PROBLEM TO WORK ON ▸ Reproduce the listing below from the line with "- pinhole 카메라" to the line with "Az utcafronti, előkertes", both lines included, character for character, minus any pictures.

EXERCISE INPUTS ▸
————————
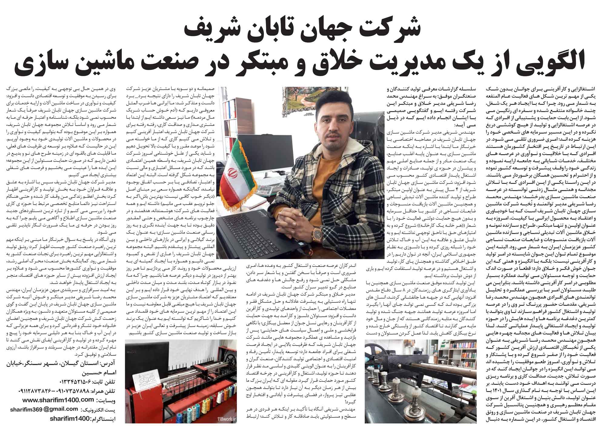 آخرین خبرها  جهان تابان شریف  الگویی از یک مدیریت خلاق و مبتکر در صنعت ماشین سازی
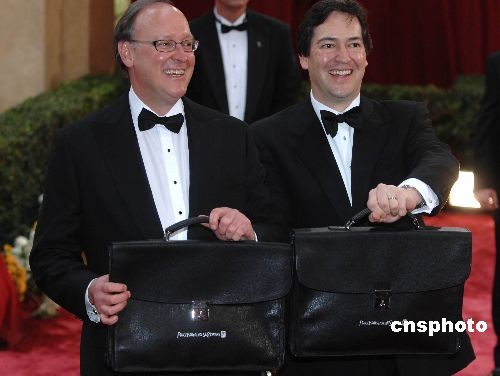 當(dāng)?shù)貢r間2月24日晚,第八十屆奧斯卡頒獎典禮在好萊塢柯達(dá)劇場舉行。在奧斯卡金像獎頒獎典禮開始前,美國普華永道會計事務(wù)所的兩位會計師布萊德(左)和瑞克向記者展示兩個公文包,這里裝的就是奧斯卡各獎項的最終結(jié)果。兩位會計師是最早知道奧斯卡結(jié)果的人。中新社發(fā) 張煒 攝
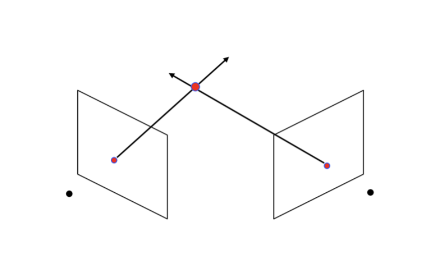 - pinhole 카메라 모델에서 depth를 추정하기 위해서는 두 카메라 사이의 calibration, 3d 상의 한 point에 대해 정확한 correspondence를 알아야 함
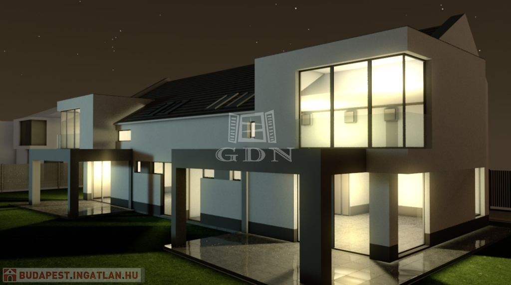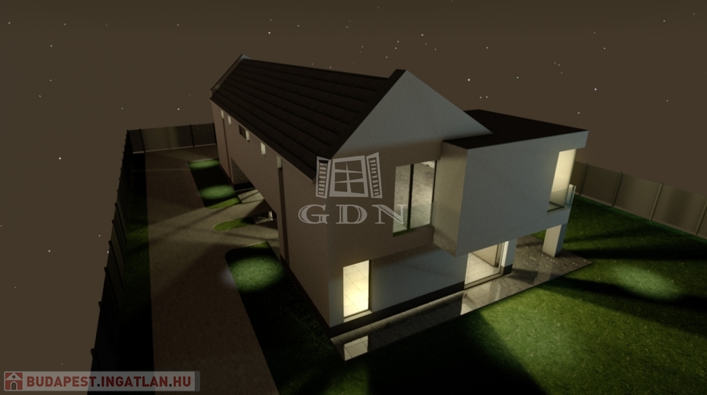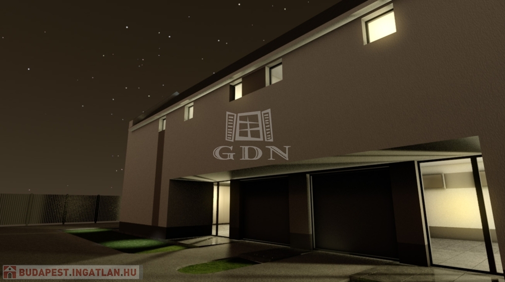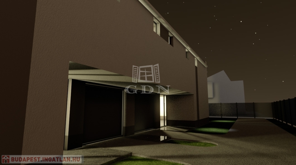 Az utcafronti, előkertes ikerházfél (1. számú lakóház) 372 m2-es telekrészen épült, elkerítve a hátsó féltől, garázzsal.
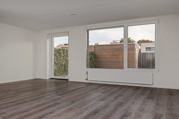 Indeling •Royale woonkamer met trapkast voor extra bergruimte •Volledig uitgeruste open keuken met moderne inbouwapparatuur: elektrische kookplaat, afzuigkap, koel-vriescombinatie, combi-magnetron en vaatwasser •Hal met toilet en meterkast •Toegang tot de tuin met houten schuur en achterom •Twee slaapkamers aan de achterzijde •Eén slaapkamer aan de voorzijde •Moderne badkamer met douche (glazen wand), wastafel met spiegel en een tweede toilet •Fijne achtertuin met mogelijkheid tot het aanleggen van een siertuin •Houten berging en achterom
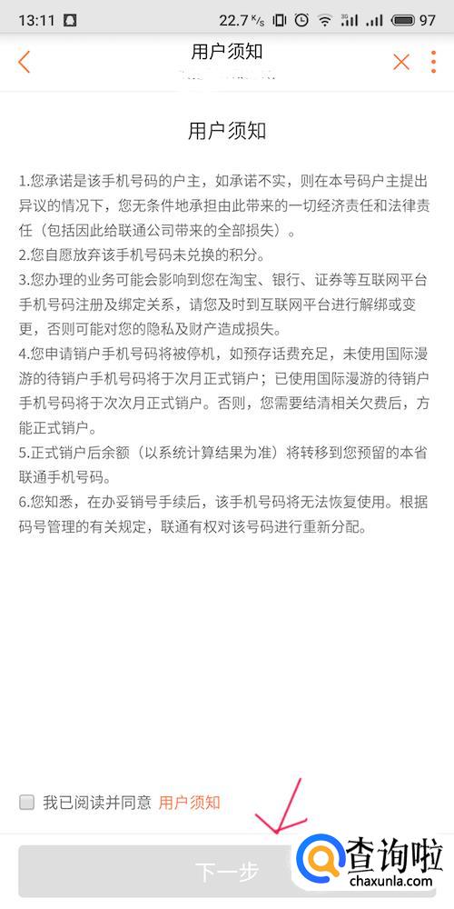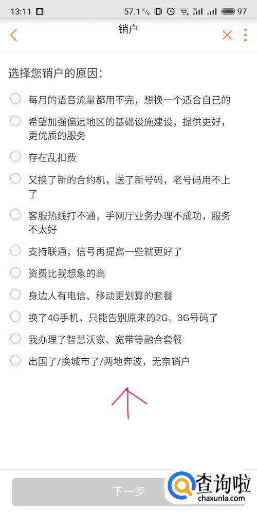 登录完成之后,根据系统提示,在上方选项中选择您的销户原因,选择之后点击下方“下一步”
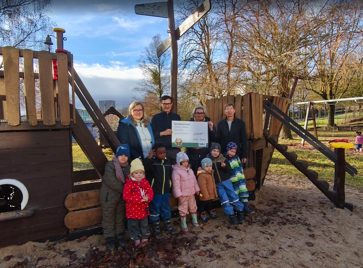 Dazu zählt auch der Evangelische Kindergarten „Gockelhahn“. Bei wunderschönem Herbstwetter trafen SWL-Geschäftsführer Thomas Gerstner und Prokurist Rüdiger Steinberg die Kinder und Betreuer in dem herrlichen Gelände am Kindergarten und konnten sich davon überzeugen, dass die Mädchen und Jungen sehr viel Freude dort haben. Leiterin Cindy Jerchel und Pfarrerin Dorothea Heizmann begrüßten die Gäste herzlich und dankten ihnen für die finanzielle Unterstützung. In den vergangenen Jahren ist eine SWL-Unterstützung bereits in ein sehr großes Spielgerät geflossen.
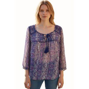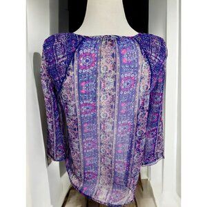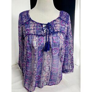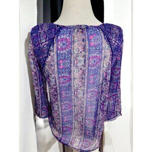 American Eagle Outfitters Sheer Boho Peasant Blouse M Purple Pink Paisley Print
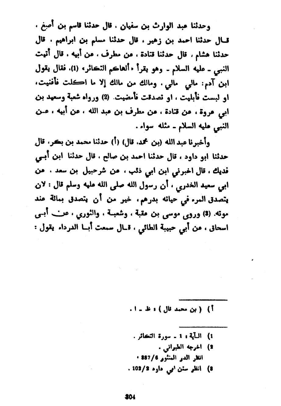 وَحَدَّثَنَا عَبْدُ الْوَارِثِ بْنُ سُفْيَانَ قَالَ حَدَّثَنَا قَاسِمُ بْنُ أَصْبَغَ قَالَ حَدَّثَنَا أَحْمَدُ بْنُ زُهَيْرٍ قَالَ حَدَّثَنَا مُسْلِمُ بْنُ إِبْرَاهِيمَ قَالَ حَدَّثَنَا هِشَامٌ قَالَ حَدَّثَنَا قَتَادَةُ عَنْ مُطَرِّفٍ عَنْ أَبِيهِ قَالَ أَتَيْتُ النَّبِيَّ عَلَيْهِ السَّلَامُ وَهُوَ يَقْرَأُ أَلْهَاكُمُ التَّكَاثُرُ فَقَالَ يَقُولُ ابْنُ آدَمَ مَالِي مَالِي وَمَا لَكِ مِنْ مَالِكَ إِلَّا مَا أَكَلْتَ فَأَفْنَيْتَ أَوْ لَبِسْتَ فَأَبْلَيْتَ أَوْ تَصَدَّقْتَ فَأَمْضَيْتَ وَرَوَاهُ شُعْبَةُ وَسَعِيدُ بْنُ أَبِي عُرْوَةَ عَنْ قَتَادَةَ عَنْ مُطَرِّفِ بْنِ عَبْدِ اللَّهِ عَنْ أَبِيهِ عَنِ النَّبِيِّ عَلَيْهِ السَّلَامُ مِثْلَهُ سَوَاءً وَأَخْبَرَنَا عَبْدُ اللَّهِ (بْنُ مُحَمَّدٍ قَالَ) (أ) حَدَّثَنَا مُحَمَّدُ بْنُ بَكْرٍ قَالَ حَدَّثَنَا أَبُو دَاوُدَ قَالَ حَدَّثَنَا أَحْمَدُ بْنُ صَالِحٍ قَالَ حَدَّثَنَا ابْنُ أَبِي فُدَيْكٍ قَالَ أَخْبَرَنِي ابْنُ أَبِي ذِئْبٍ عَنْ شُرَحْبِيلَ بْنِ سَعْدٍ عَنْ أَبِي سَعِيدٍ الْخُدْرِيِّ أَنَّ رَسُولَ اللَّهِ صَلَّى اللَّهُ عَلَيْهِ وَسَلَّمَ قَالَ لَأَنْ يَتَصَدَّقَ الْمَرْءُ فِي حَيَاتِهِ بِدِرْهَمٍ خَيْرٌ مِنْ أَنْ يَتَصَدَّقَ بِمِائَةٍ عِنْدِ مَوْتِهِ وَرَوَى مُوسَى بْنُ عُقْبَةَ وَشُعْبَةُ وَالثَّوْرِيُّ عَنْ أَبِي إِسْحَاقَ عَنْ أَبِي حَبِيبَةَ الطَّائِيِّ قَالَ سَمِعْتُ أَبَا الدَّرْدَاءِ يَقُولُ
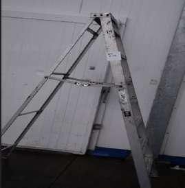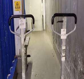 LOTE 148: 5 Transpaletas manuales 1 Carro Altura 1 Escalera tijera 1 Escalera de acero azul.
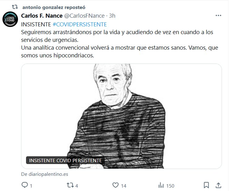 ESCUCHO VOCES INSISTENTE #COVIDPERSISTENTE Seguiremos arrastrándonos por la vida y acudiendo de vez en cuando a los servicios de urgencias. Una analítica convencional volverá a mostrar que estamos sanos. Vamos, que somos unos hipocondriacos.
————————
ANSWER ▸
 - pinhole 카메라 모델에서 depth를 추정하기 위해서는 두 카메라 사이의 calibration, 3d 상의 한 point에 대해 정확한 correspondence를 알아야 함
 Az utcafronti, előkertes ikerházfél (1. számú lakóház) 372 m2-es telekrészen épült, elkerítve a hátsó féltől, garázzsal.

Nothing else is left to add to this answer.